# My new little darling ...



## Barnes19 (Sep 8, 2013)

Well Leia has had twin girls. She's a first time mum and has formed a preference for the pretty one (fair enough).

Unfortunately this means she acknowledges the other one but won't let her feed ... so after letting baby feed on the milking stand a couple times I've confiscated the pretty one for an hour or so to let mum have some time with the other little girl.

So I've got baby Melli with me ... and I couldn't leave her on the lawn now could I?:-D


----------



## ksalvagno (Oct 6, 2009)

Very cute!


----------



## Tayet (Feb 9, 2012)

What a sweetie! I love her wattles.


----------



## peggy (Aug 11, 2010)

A real sweetie. Congratulations. I had the same problem one year, I had a doe that just wanted the one baby and kept butting the other one away so I put them in a wire kennel. in between feedings they were in the kennel. the kennel was in the pen with mom, she could still see them and smell them. After a few hours I left them back with mom and she took the other one as well, I think that the scent of the one she liked was all over the other one so she accepted them both.


----------



## Wild Hearts Ranch (Dec 26, 2011)

I want pics of the other one too!


----------



## usamagoat (May 2, 2013)

congrats!:leap:
had the same problem with one that got triplets so i had to raise the left one out and he grew to be a handsome very tame and loves us very much boy!!!:-o


----------



## Barnes19 (Sep 8, 2013)

Oh yes I love the wattles too ... little baby wattles ... I knew I'd get some my boy has them, as soon as I saw his picture I knew he was my buck ... little baby wattles. (he happens to be a very good bloodline too of course ...)

I'll get some pics of the twin ... and week old brother ... tomorrow!
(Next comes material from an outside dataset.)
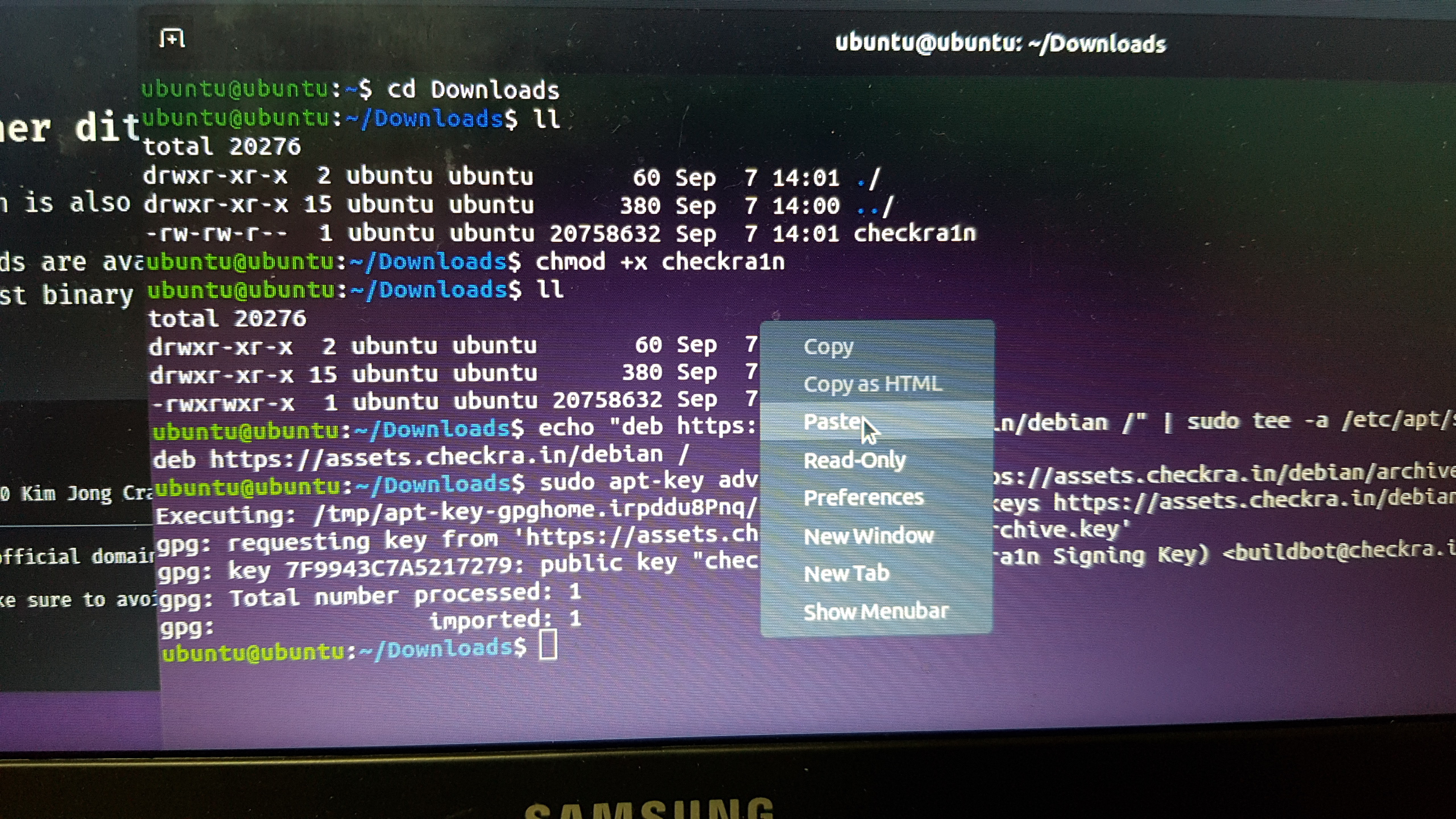 다시 터미널로 돌아와서 마우스 우클릭 메뉴의 붙여 넣기를 선택 하고 엔터를 눌러 실행한다.

They've all got wattles ... even more than I expected!

I think mum may be mellowing towards the kid ... she kicked less tonight, and even chewed a little cud at the end ... not that she shows any sign of recognizing the kid when she smells her.


----------



## crazygoats (Aug 10, 2013)

Aww so cute love her little wattles


----------



## kccjer (Jan 27, 2012)

Sweet! I can't wait for babies...


----------



## fishin816 (Mar 4, 2011)

She's adorable! Love the wattles! Is she a toggenburg?


----------



## NyGoatMom (Jan 26, 2013)

She has gorgeous color! What breed?


----------



## nchen7 (Feb 25, 2013)

GORGEOUS! no, you couldn't leave her on the lawn! can't wait for more pics!


----------



## Trickyroo (Sep 26, 2012)

Oh I *LOVE* her color !!! 
She is stunning ! :drool: Congrats :clap:


----------



## Honeysuckle (Apr 11, 2013)

Awe, so pretty! Congrats!


----------



## Barnes19 (Sep 8, 2013)

Not toggenburg ... she looks it doesn't she?
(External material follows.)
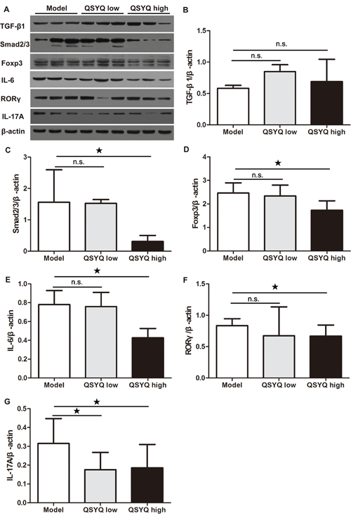 Figure 4: Effect of QSYQ on regulatory T cells and T helper 17 cells in spleen of ApoE-/- mice. (A) The expression of TGF-β1/Smad2/3/Foxp3 (regulatory T cells-related) and IL-6/RORγ/IL-17A (T helper 17 cells-related) in spleen of ApoE-/- mice were detected by western blotting. (B, C, D, E, F and G) The quantitative comparison of TGF-β1, Smad2/3, Foxp3, IL-6, RORγ and IL-17A between drug treatment groups and model group (n=3). Data were showed as mean ± standard deviation and compared by one-way analysis of variance and following with Fisher’s Least Significant Difference test for individual comparisons. n.s.p > 0.05; ★p < 0.05.

Dad's a pedigree British Alpine. Mum's a Saanen/Nubian cross. Black stripe and swiss markings come from Alpine ... fawn colour comes from the Nubian ... Saanen doesn't get much of a look in!


----------



## Barnes19 (Sep 8, 2013)

Well heres some more pics finally!

One has mum feeding both kids while off the stand ... she's on a lead and it was only brief but its a start. Unfortunately she seems to have taken a bit of a relapse today ... however.

Funny thing the rejected kid (Carrie) is the biggest one!

Also I note with some consternation that one of Melli's ears seems to have decided to go flop a little bit ... she was born with two solid ears from the alpine ... but it looks like the nubian side might get a look in on one ... how strange.


----------



## kccjer (Jan 27, 2012)

Awww...cute! Looks like both are doing pretty good


----------



## ksalvagno (Oct 6, 2009)

They are just precious!


----------



## MsScamp (Feb 1, 2010)

They are both beautiful! Mom definitely needs her eyes checked!


----------